The last exam is done.
The pencil scratched grey in the last pink bubble, which is to say that the last bit of my brain was emptied out on the cold plastic table and I walked out unencumbered by any frantic desire to know all the symptoms of Digoxin toxicity.
Suddenly I could care about stuff again. Stuff being defined as not-necessary-to pass-exams-stuff. Like, for example, showers and clean rooms and neat eyebrows. All of which were in dire need of being thought about again. I also could throw my alarm clock against the wall if I wanted to and no one would care—except me of course, who would have to buy a new cell phone.
It is, to borrow the feminine adjective, a lovely feeling.
It was a good semester. Hard—gutty hard sometimes—but full of those quivering moments when your hands get dirty helping someone and you realize that actions are deeper than textbook answers.
Still it was time for a break.
“Brain, come down from that bookshelf. Now. I mean it.”
“Brain, I’m serious. We still have 1000 words to write tonight.”
“You’re not my boss”
“Brain, if you don’t come down I will never speak to you again”
“Two cups of coffee and a chocolate bar and I’ll come down”

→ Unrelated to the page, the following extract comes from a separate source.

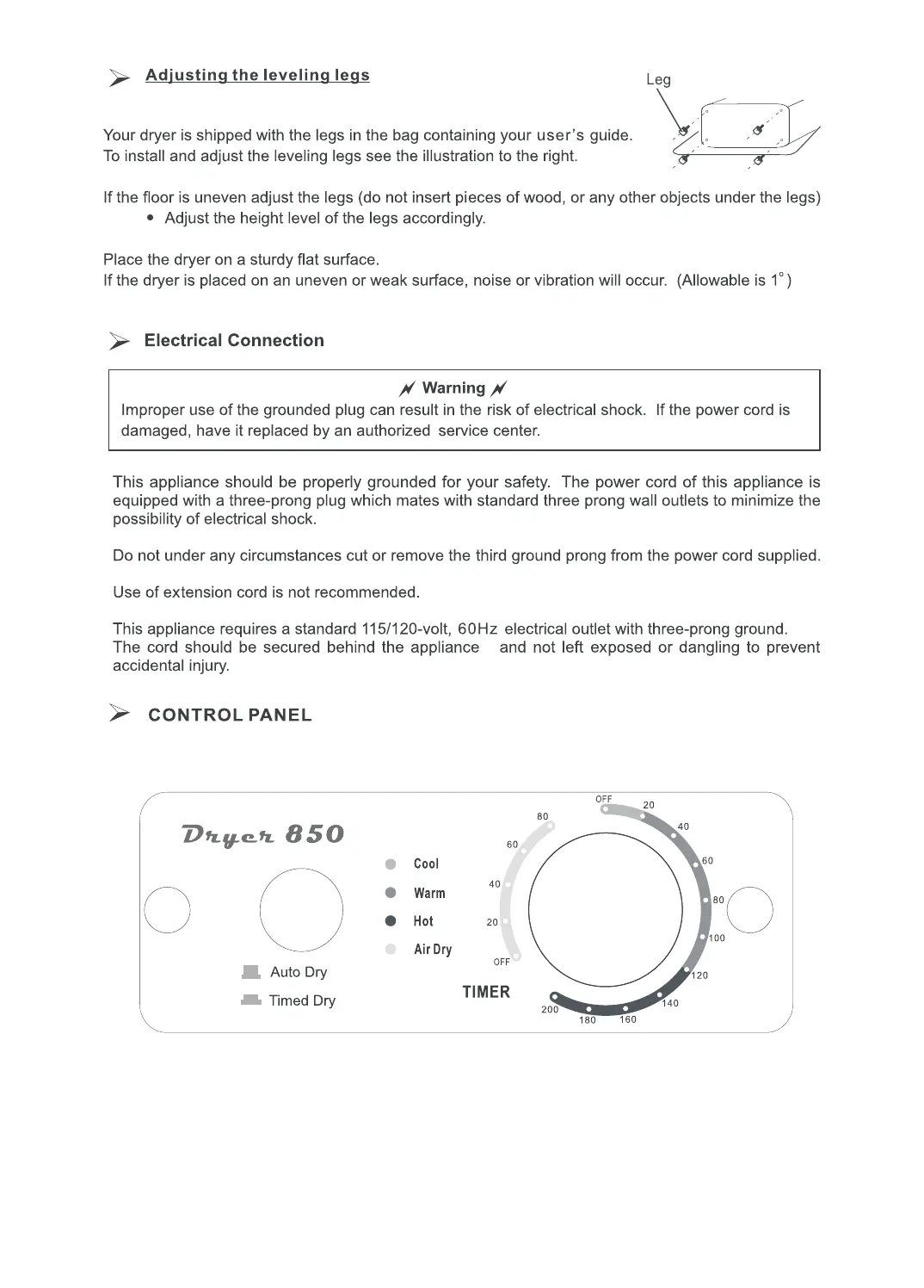 Equator 850 - Dryer Setup and Operation; Adjusting Leveling Legs; Electrical Connection; Control Panel Overview
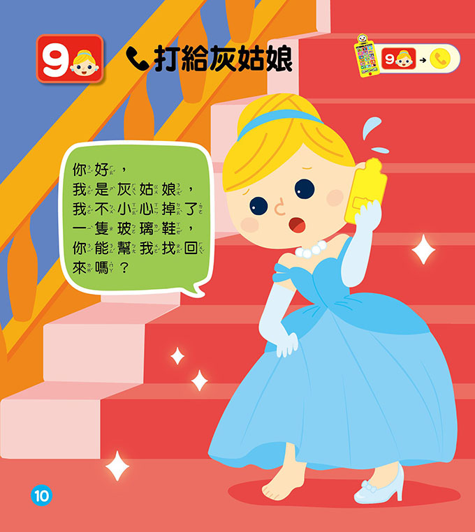 輕輕滑動下方機關,可轉換「對話/故事」模式,處於對話模式時,可以打電話給12位最知名的童話人物,讓孩子發揮想像力,跟童話人物談天說地,增進語言發展。

It was time for things to slow down. Yup.
Currently snow is fluttering around in great big swooshes outside and my red pillows are so comfy.
And I am cooing over my clean room—marveling how sometimes its not the fluffly pillows and the warm house that equal joy—but rather the knowledge that healing doesn’t just happen in the summer, but all through the fierce winter too.
Now for snowmobiles and snowshoes and having the time to actually enjoy the outdoors.